# Serial patterns



## Rocket Skates76 (Jun 24, 2017)

Divorce has been filed. One year wait. My WW will contribute greatly in the lives of our 4 young ones. This is not about wrestling away the children because the reality is I work a lot and family is sparse. 
This is about feeling apprehensive now that the depth of my wife's sickness has been revealed. I question her future decisions, her judgment. She had NEVER given me reason to in the past, but that was then. 

I understand now the steps involved in infidelity. I understand someone who partakes of this more than once could be labeled "serial". Situational vs Serial. But is there something deeply wrong within the mind of a serial? 
Cheating is an extremely destructive coping mechanism and this is what brings me worry, especially now that it is forever attached to my children's lives. 
There is not much in the way of Google. 
Do serial cheats just give in more? Or is it darker. 
Don't incidents usually escalate in nature and content?
Or are patterns unreliable?

They are addicts and that worries me. The hearts and innocence of my little ones dominates my thinking. 

4 affairs she has admitted to. Yes, one was me, you may already know that. 
The point: is it possible to use her "revealed past" as a barometer for the future health and safety of my children?

All info I received 2 weeks ago when she fessed up (according to her):

2004, in previous marriage, full PA with church sound man. Started as a 5 month EA. Sex only happened once. Confessed. Her ex was hurt but got over it. They were forced to relocate leaving behind careers. 

2006 sent out 'feeler' message to me via MySpace. We were once in love teenagers who split up. We jumped all in from there. EA and PA. Divorced then Married each other the following year. 

12/2015 reveals one month EA with former ex boyfriend from teen years. Mostly, using him to feed her loneliness and ego. A couple pics sent, one topless, one in a bikini. "Minor sexual talk". He just needed companionship (meth user) and she liked the attention. 7 hr drive no PA. 

06/2016 
4 month Fling with band member. 2 incidents of oral. 5 incidents of vulgar videos back and forth. He was not needy nor affectionate. She says she felt used. It was simple "send me pics and vids" and do the sexual things we miss or enjoy. He left the band and her but resurfaced 3 weeks ago (8 months later) Videos were once again exchanged.

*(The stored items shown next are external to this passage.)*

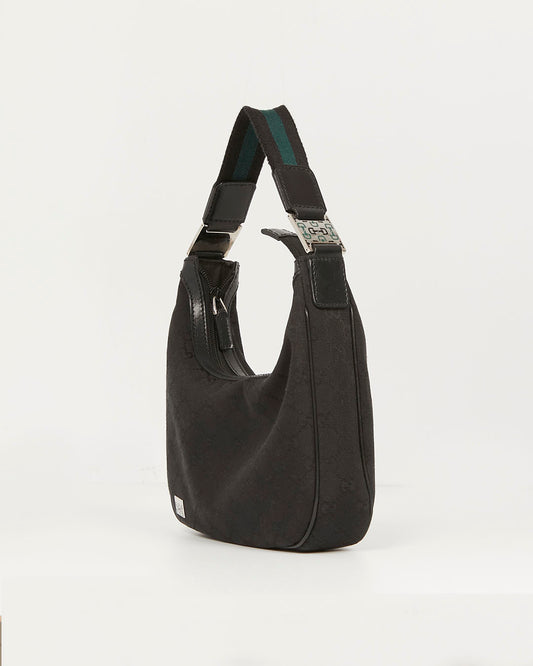 Black Guccissima Canvas Sherry Line Mini Hobo Shoulder Bag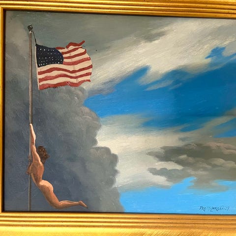 Oprørt hav. En lille perle i fantastiske farver fra Freddi Larsen’s hånd , 28x 24 cm . Hillerød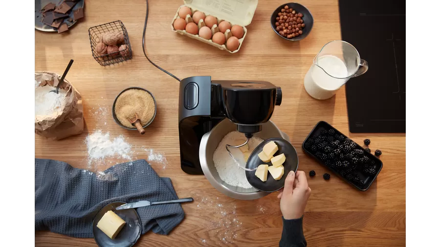 מגוון רחב של אביזרים: סט אביזרי קונדיטוריה מקצועיים, מעבד מזון עם דסקיות שונות ותיק לאחסון האביזרים

Nothing else she swears. 

She is a wholesome acting mom that can be a complete $lut unfortunately. 
Does that behavior fit a pattern that has been seen before?
Stability when my children are with her, is that realistic?


----------



## farsidejunky (Mar 19, 2014)

It isn't darker per se. It is an inherent lack of self esteem that leads them to pursue external validation from whatever their current object of affection might be. 

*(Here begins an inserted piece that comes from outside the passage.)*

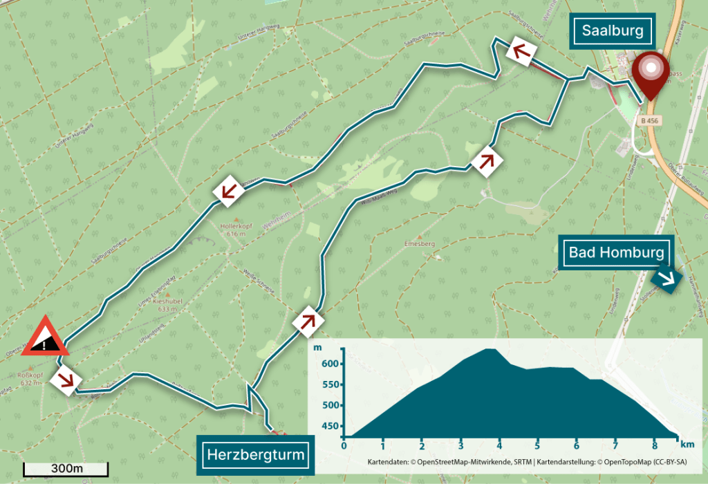Die Saalburg kann von März bis Oktober besichtigt werden. Weitere Informationen zum Thema Barrierefreiheit der Saalburg finden Sie auf der Website von TaunusTouristik Service e.V. Im weiteren Verlauf bietet der Rundweg eine hervorragende Fernsicht in den Hintertaunus und in das östliche Rhein-Main-Gebiet. Der Herzbergturm, leider nicht barrierefrei zugänglich, ist ein weiteres Highlight des Rundwegs und auch einen Abstecher wert.

The lack of self esteem stems from not loving themselves, therefore they do not feel good about themselves, then a stray compliment comes in from someone of the opposite sex, they see a picture of an ex on social media, etc...it feels good, they reach out, the gesture is returned, pleasantries become flirtation, which leads to sexting, and leads to the PA. 

That one falls apart? The next compliment from the next person starts the process all over again. The sex isn't even the end state for the serial cheat, but rather the emotional high of being desired and accepted by the new AP.

It more-often-than-not is not malicious, but just self-centered. Their feeling better about themselves is the only thing that matters in the moment. 

As far as stability goes, she will likely cycle through men until she finds someone who thinks the facade she puts up is the cats pajamas. Then he will marry her, and when it becomes stale, someone else will come along to prop up her ego, and it will be on again. 

Stable? Not really. Unfortunately, that will not matter much in the eyes of the court in custody. This is where you have to remember that you can only control yourself, and do your best to empower your children with the morals you wish them to have.

I want to add this...she sought you out on MySpace. That means she was the initiator. It makes it even more likely in that she does not wait for it to come to her, but rather she will seek it out when her life starts to feel...level.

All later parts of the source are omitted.